# DATA TO PROCESS
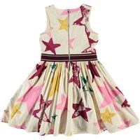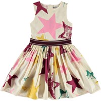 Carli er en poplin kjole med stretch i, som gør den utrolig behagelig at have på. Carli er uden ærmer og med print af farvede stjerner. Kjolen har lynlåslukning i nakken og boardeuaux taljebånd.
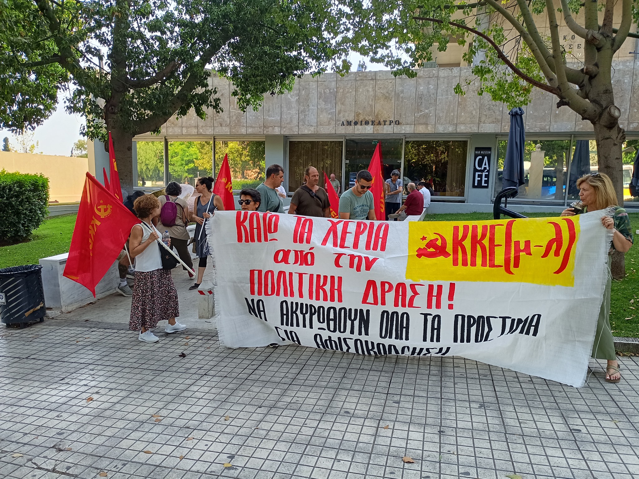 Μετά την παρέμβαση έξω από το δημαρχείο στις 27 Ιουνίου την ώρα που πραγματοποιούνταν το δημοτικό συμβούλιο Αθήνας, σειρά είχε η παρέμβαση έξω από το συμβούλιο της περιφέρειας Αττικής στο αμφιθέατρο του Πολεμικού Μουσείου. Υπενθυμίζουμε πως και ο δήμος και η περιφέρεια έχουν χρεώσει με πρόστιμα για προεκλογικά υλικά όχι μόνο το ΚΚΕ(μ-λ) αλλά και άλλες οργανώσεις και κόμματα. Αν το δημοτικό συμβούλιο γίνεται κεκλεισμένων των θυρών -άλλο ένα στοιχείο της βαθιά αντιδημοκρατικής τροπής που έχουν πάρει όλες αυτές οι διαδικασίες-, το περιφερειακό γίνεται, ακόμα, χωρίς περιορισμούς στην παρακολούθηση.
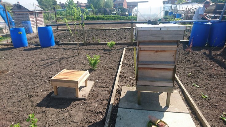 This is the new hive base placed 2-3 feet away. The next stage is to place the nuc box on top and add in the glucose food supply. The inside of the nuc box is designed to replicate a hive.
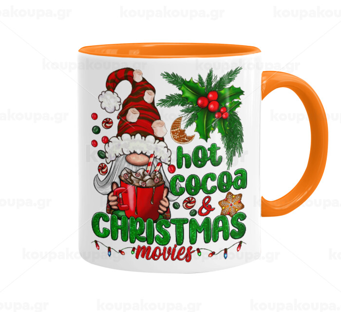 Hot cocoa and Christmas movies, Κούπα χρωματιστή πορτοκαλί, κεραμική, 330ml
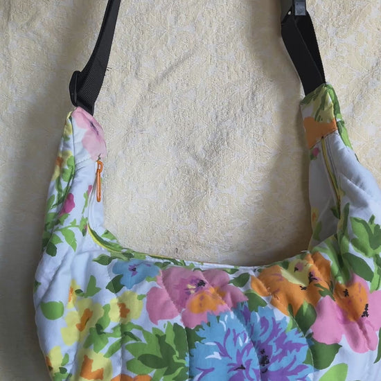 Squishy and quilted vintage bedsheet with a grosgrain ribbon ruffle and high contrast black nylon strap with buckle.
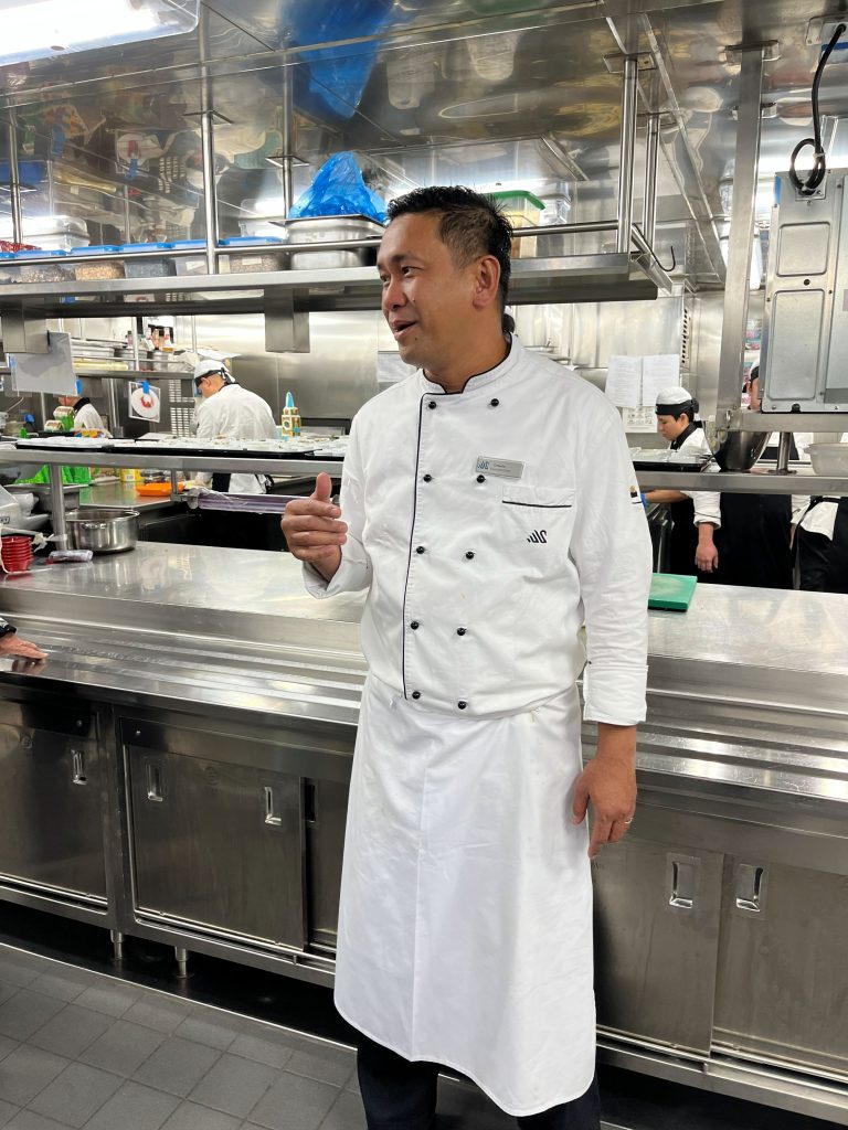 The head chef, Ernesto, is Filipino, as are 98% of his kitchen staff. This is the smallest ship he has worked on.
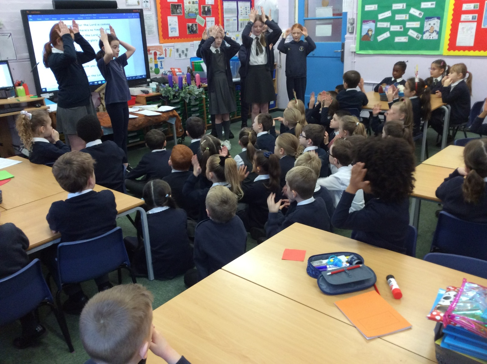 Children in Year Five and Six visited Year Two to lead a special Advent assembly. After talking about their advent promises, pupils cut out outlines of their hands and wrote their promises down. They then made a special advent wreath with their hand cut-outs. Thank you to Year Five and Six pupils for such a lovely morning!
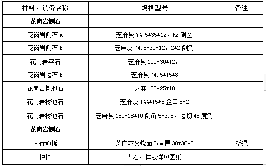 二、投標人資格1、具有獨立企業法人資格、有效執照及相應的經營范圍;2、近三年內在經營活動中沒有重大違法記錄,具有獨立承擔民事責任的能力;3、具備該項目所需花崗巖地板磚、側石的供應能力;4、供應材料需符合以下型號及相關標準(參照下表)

---

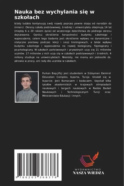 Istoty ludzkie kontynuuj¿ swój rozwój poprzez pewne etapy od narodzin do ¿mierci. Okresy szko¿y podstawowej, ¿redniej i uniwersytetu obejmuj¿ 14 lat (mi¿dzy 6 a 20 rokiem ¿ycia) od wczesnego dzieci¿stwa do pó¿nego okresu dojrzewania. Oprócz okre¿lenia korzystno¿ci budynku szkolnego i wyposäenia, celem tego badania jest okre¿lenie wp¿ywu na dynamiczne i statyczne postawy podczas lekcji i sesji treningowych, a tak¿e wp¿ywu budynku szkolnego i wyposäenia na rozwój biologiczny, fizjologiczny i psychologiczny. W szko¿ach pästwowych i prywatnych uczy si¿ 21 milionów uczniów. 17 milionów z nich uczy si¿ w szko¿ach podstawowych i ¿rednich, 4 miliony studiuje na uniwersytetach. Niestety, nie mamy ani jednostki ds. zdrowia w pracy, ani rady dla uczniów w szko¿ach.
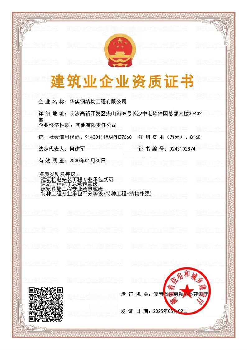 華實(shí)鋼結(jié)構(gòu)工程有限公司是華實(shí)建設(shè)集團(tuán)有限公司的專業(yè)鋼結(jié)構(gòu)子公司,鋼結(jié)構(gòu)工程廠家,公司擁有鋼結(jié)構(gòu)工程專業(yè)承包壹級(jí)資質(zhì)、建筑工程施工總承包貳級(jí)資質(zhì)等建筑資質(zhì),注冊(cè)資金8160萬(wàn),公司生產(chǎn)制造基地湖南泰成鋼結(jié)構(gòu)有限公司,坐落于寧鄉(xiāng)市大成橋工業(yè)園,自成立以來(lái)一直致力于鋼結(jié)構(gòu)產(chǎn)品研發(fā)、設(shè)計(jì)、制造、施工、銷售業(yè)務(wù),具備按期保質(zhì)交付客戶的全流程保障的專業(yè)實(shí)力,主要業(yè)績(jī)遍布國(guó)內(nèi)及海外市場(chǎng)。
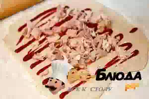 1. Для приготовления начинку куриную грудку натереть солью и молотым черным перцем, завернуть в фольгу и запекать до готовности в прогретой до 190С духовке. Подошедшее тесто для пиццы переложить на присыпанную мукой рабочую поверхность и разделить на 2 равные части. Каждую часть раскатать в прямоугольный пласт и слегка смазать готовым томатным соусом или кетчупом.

---

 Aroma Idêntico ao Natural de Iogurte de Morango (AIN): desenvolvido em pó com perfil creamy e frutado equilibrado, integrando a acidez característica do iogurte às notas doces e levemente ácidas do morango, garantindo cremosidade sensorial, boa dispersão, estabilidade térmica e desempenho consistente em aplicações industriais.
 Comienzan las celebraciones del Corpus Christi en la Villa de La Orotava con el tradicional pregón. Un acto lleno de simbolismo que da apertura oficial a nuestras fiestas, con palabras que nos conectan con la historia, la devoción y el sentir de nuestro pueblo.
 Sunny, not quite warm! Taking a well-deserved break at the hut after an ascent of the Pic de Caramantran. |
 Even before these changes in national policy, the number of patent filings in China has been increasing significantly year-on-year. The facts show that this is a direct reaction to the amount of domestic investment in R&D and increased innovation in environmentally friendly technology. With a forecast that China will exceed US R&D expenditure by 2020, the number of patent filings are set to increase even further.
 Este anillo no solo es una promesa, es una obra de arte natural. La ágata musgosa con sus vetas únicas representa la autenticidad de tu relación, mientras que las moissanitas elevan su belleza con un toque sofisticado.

# ACTION ITEM
Your answer should be the exact lines above from the one with "Comienzan las celebraciones" through the one with "Este anillo no", both included, and nothing besides.

# TASK OUTPUT
 Comienzan las celebraciones del Corpus Christi en la Villa de La Orotava con el tradicional pregón. Un acto lleno de simbolismo que da apertura oficial a nuestras fiestas, con palabras que nos conectan con la historia, la devoción y el sentir de nuestro pueblo.
 Sunny, not quite warm! Taking a well-deserved break at the hut after an ascent of the Pic de Caramantran. |
 Even before these changes in national policy, the number of patent filings in China has been increasing significantly year-on-year. The facts show that this is a direct reaction to the amount of domestic investment in R&D and increased innovation in environmentally friendly technology. With a forecast that China will exceed US R&D expenditure by 2020, the number of patent filings are set to increase even further.
 Este anillo no solo es una promesa, es una obra de arte natural. La ágata musgosa con sus vetas únicas representa la autenticidad de tu relación, mientras que las moissanitas elevan su belleza con un toque sofisticado.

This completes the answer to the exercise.